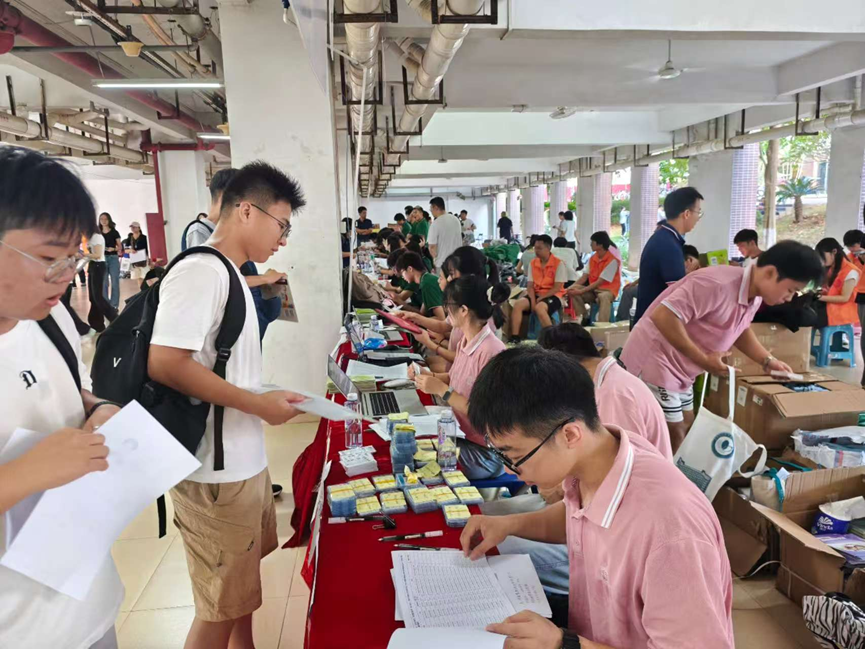 在迎新现场的每一个角落,都能看到志愿者们忙碌而温暖的身影。他们以热情的微笑和细致的服务迎接每一位新生与家长。志愿者们各司其职:有的在报到点耐心协助新生办理入学手续,细心核对材料、答疑解惑;有的主动伸出援手,帮助搬运行李、引导路线;还有的守候在现场,为许多家庭拍下充满仪式感的“入学全家福”,用镜头定格温情瞬间。此外,志愿者们还有序分发各类物资,将学院的贴心关怀落到实处。他们用真诚与行动温暖了整个迎新现场,成为新生踏入校园最可靠而动人的“第一站”。
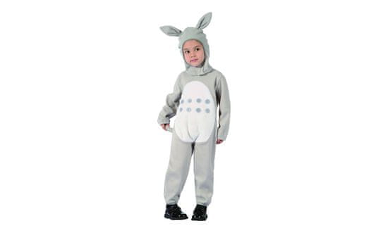 Pustni kostum zajček za najmlajše vsebuje obleko in kapuco (čevlji in nogavice niso priloženi). Mali sivi zajček, ki mu manjka samo še korenje med zobki. Velikost 80–92 cm ter 92–104 cm. Sestava: 100% POLIESTER
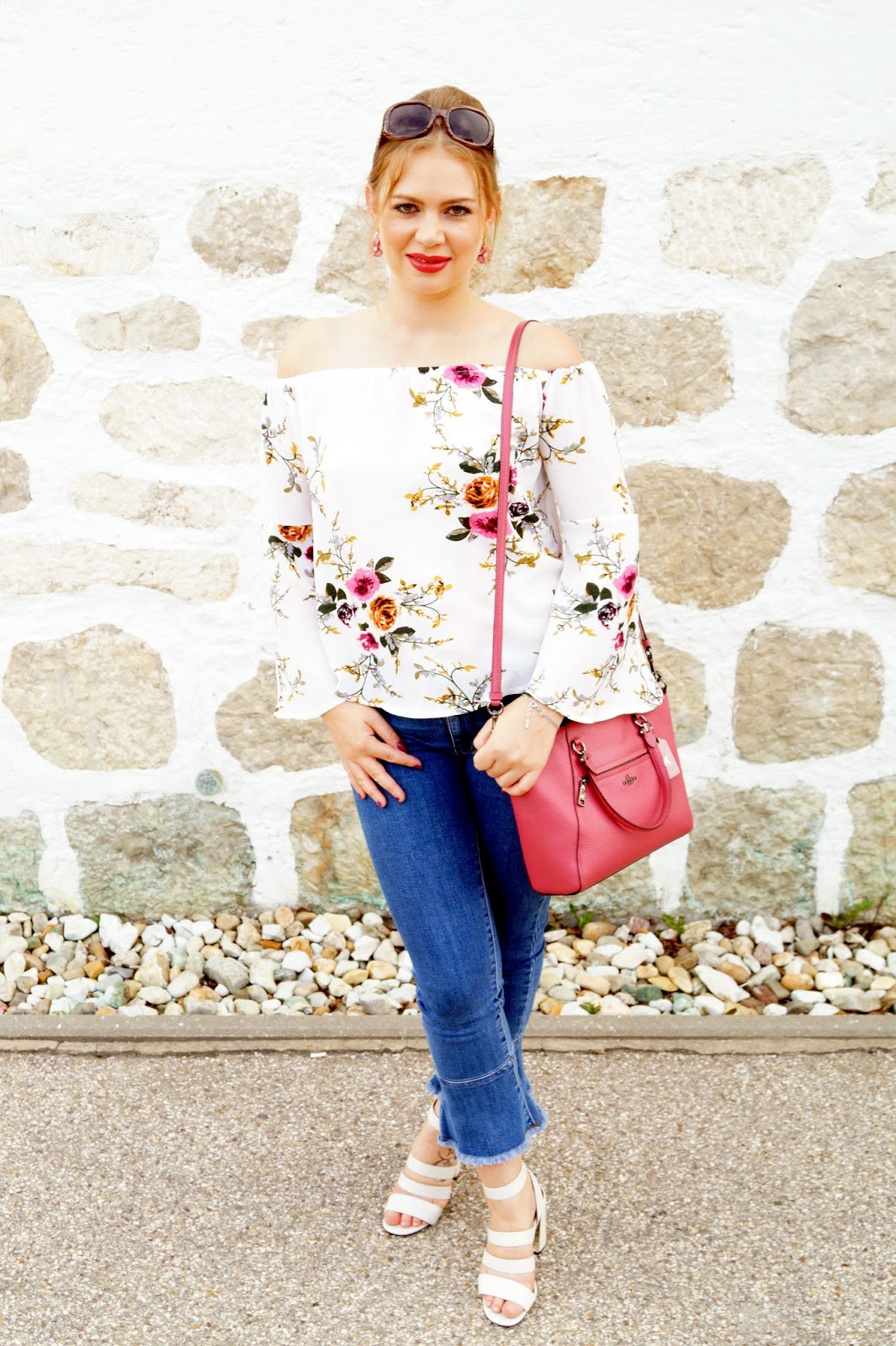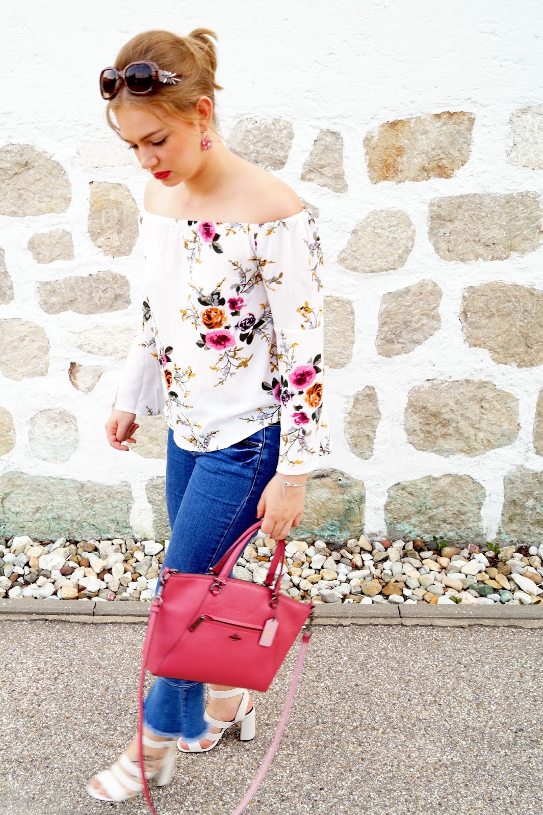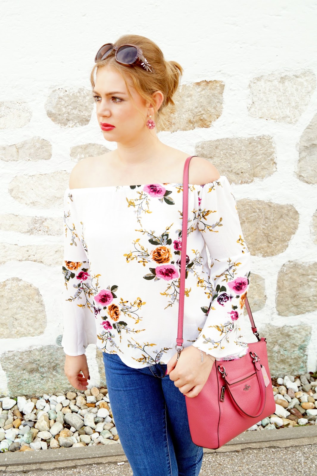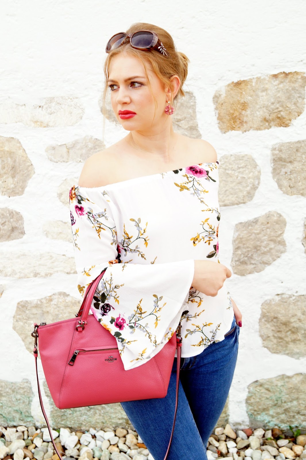 sandals New Look via Zalando sold out similar here, here and here / jeans Villa via Zalando / satchel bag Coach Prairie Satchel / earrings H&M / floral flare sleeve off shoulder blouse Zaful / sunnies old similar here and here
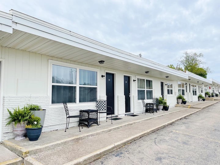 على الرغم من أننا أردنا أن يعكس المبنى جذوره في الخمسينات ، إلا أنه من المهم أيضًا أن يكون لدينا جميع وسائل الراحة الحديثة. للبدء، تتم إدارة أقفال الأبواب بواسطة لوحات المفاتيح بدلاً من المفاتيح أو البطاقات المادية. يتم إرسال رمز مخصص عبر البريد الإلكتروني مباشرة إلى ضيوفنا وهو أمر جيد فقط أثناء إقامتهم. يمكن للضيوف الاسترخاء والسير مباشرة إلى جناحهم والحصول على سهولة الإقامة المستقلة!
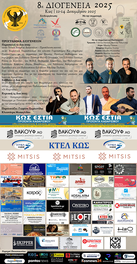 Ένα μεγάλο ευχαριστώ σε όλους τους χορηγούς που στηρίζουν έμπρακτα τη διοργάνωση και συμβάλλουν ώστε τα «Διογένεια» να μεγαλώνουν και να εξελίσσονται κάθε χρόνο. Ευχαριστούμε επίσης θερμά τους χορηγούς επικοινωνίας που προβάλλουν την προσπάθεια, μεταφέρουν το μήνυμα του Ποντιακού πολιτισμού από την Ιπποκρατική Κω και φέρνουν πιο κοντά την παράδοση σε κάθε σπίτι.
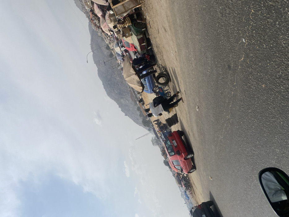 The image captures a wide-angle view of a roadside market scene in Zuba, Nigeria, under a bright, hazy sky. In the immediate foreground, the dark asphalt surface of a paved road occupies the lower portion of the frame. A black vehicle's rear bumper and side are partially visible on the far left, suggesting the vantage point is from within or beside another vehicle, whose green rearview mirror is prominently seen in the bottom left corner. To the left of the road, on a dirt shoulder, a red Volkswagen Golf hatchback (likely a Mk3) is parked facing away from the camera. Further right, closer to the center, two individuals are walking away, both wearing white shirts and dark pants. The person on the left carries a black backpack. The person on the right is pushing a small, light-colored cart with a blue object on it. Adjacent to them, several black tires are stacked on the dusty ground. The midground is dominated by a bustling, open-air market established on a dirt terrain beside the road. Numerous makeshift stalls are visible, characterized by various light-colored umbrellas or tarpaulins providing shade. People are present throughout this area, some engaged with the stalls. One individual in a striped shirt stands next to a wooden crate near the right edge. Various vehicles, including a blue car and a green utility trailer, are interspersed among the stalls. The ground is unpaved, dusty, and appears cluttered with goods and debris. In the background, a prominent, rugged, rocky mountain rises under a pale blue sky with scattered thin clouds, indicative of a dry environment. A light atmospheric haze partially obscures the distant view. Buildings and structures are faintly visible between the market area and the base of the mountain.
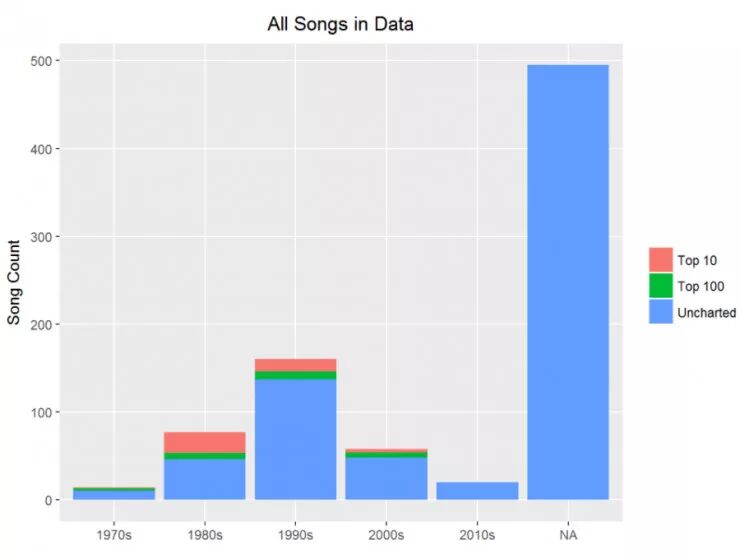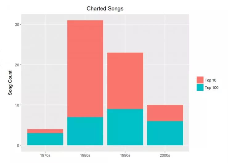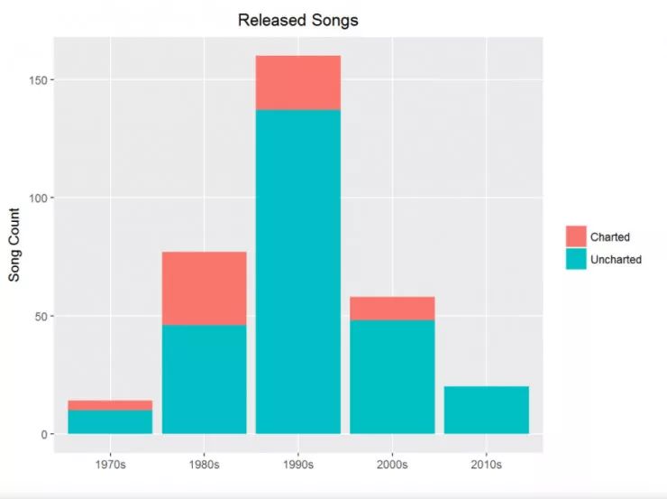 注意到所有 Prince 的上排行表的歌曲,大部分都是前 10 名。但是更有趣的是在他创作新歌最多产的十年是 90 年代,但是更多上排行表的是在 80 年代。为什么会发生这样的事儿?请在看文本挖掘部分的时候记住这个问题。

# # # #

■ **WHAT TO WORK ON**:
Pictures are to be omitted; otherwise, write out the data exactly as it appears.

■ **WRITTEN SOLUTION**:
 在迎新现场的每一个角落,都能看到志愿者们忙碌而温暖的身影。他们以热情的微笑和细致的服务迎接每一位新生与家长。志愿者们各司其职:有的在报到点耐心协助新生办理入学手续,细心核对材料、答疑解惑;有的主动伸出援手,帮助搬运行李、引导路线;还有的守候在现场,为许多家庭拍下充满仪式感的“入学全家福”,用镜头定格温情瞬间。此外,志愿者们还有序分发各类物资,将学院的贴心关怀落到实处。他们用真诚与行动温暖了整个迎新现场,成为新生踏入校园最可靠而动人的“第一站”。
 Pustni kostum zajček za najmlajše vsebuje obleko in kapuco (čevlji in nogavice niso priloženi). Mali sivi zajček, ki mu manjka samo še korenje med zobki. Velikost 80–92 cm ter 92–104 cm. Sestava: 100% POLIESTER
 sandals New Look via Zalando sold out similar here, here and here / jeans Villa via Zalando / satchel bag Coach Prairie Satchel / earrings H&M / floral flare sleeve off shoulder blouse Zaful / sunnies old similar here and here
 على الرغم من أننا أردنا أن يعكس المبنى جذوره في الخمسينات ، إلا أنه من المهم أيضًا أن يكون لدينا جميع وسائل الراحة الحديثة. للبدء، تتم إدارة أقفال الأبواب بواسطة لوحات المفاتيح بدلاً من المفاتيح أو البطاقات المادية. يتم إرسال رمز مخصص عبر البريد الإلكتروني مباشرة إلى ضيوفنا وهو أمر جيد فقط أثناء إقامتهم. يمكن للضيوف الاسترخاء والسير مباشرة إلى جناحهم والحصول على سهولة الإقامة المستقلة!
 Ένα μεγάλο ευχαριστώ σε όλους τους χορηγούς που στηρίζουν έμπρακτα τη διοργάνωση και συμβάλλουν ώστε τα «Διογένεια» να μεγαλώνουν και να εξελίσσονται κάθε χρόνο. Ευχαριστούμε επίσης θερμά τους χορηγούς επικοινωνίας που προβάλλουν την προσπάθεια, μεταφέρουν το μήνυμα του Ποντιακού πολιτισμού από την Ιπποκρατική Κω και φέρνουν πιο κοντά την παράδοση σε κάθε σπίτι.
 The image captures a wide-angle view of a roadside market scene in Zuba, Nigeria, under a bright, hazy sky. In the immediate foreground, the dark asphalt surface of a paved road occupies the lower portion of the frame. A black vehicle's rear bumper and side are partially visible on the far left, suggesting the vantage point is from within or beside another vehicle, whose green rearview mirror is prominently seen in the bottom left corner. To the left of the road, on a dirt shoulder, a red Volkswagen Golf hatchback (likely a Mk3) is parked facing away from the camera. Further right, closer to the center, two individuals are walking away, both wearing white shirts and dark pants. The person on the left carries a black backpack. The person on the right is pushing a small, light-colored cart with a blue object on it. Adjacent to them, several black tires are stacked on the dusty ground. The midground is dominated by a bustling, open-air market established on a dirt terrain beside the road. Numerous makeshift stalls are visible, characterized by various light-colored umbrellas or tarpaulins providing shade. People are present throughout this area, some engaged with the stalls. One individual in a striped shirt stands next to a wooden crate near the right edge. Various vehicles, including a blue car and a green utility trailer, are interspersed among the stalls. The ground is unpaved, dusty, and appears cluttered with goods and debris. In the background, a prominent, rugged, rocky mountain rises under a pale blue sky with scattered thin clouds, indicative of a dry environment. A light atmospheric haze partially obscures the distant view. Buildings and structures are faintly visible between the market area and the base of the mountain.
 注意到所有 Prince 的上排行表的歌曲,大部分都是前 10 名。但是更有趣的是在他创作新歌最多产的十年是 90 年代,但是更多上排行表的是在 80 年代。为什么会发生这样的事儿?请在看文本挖掘部分的时候记住这个问题。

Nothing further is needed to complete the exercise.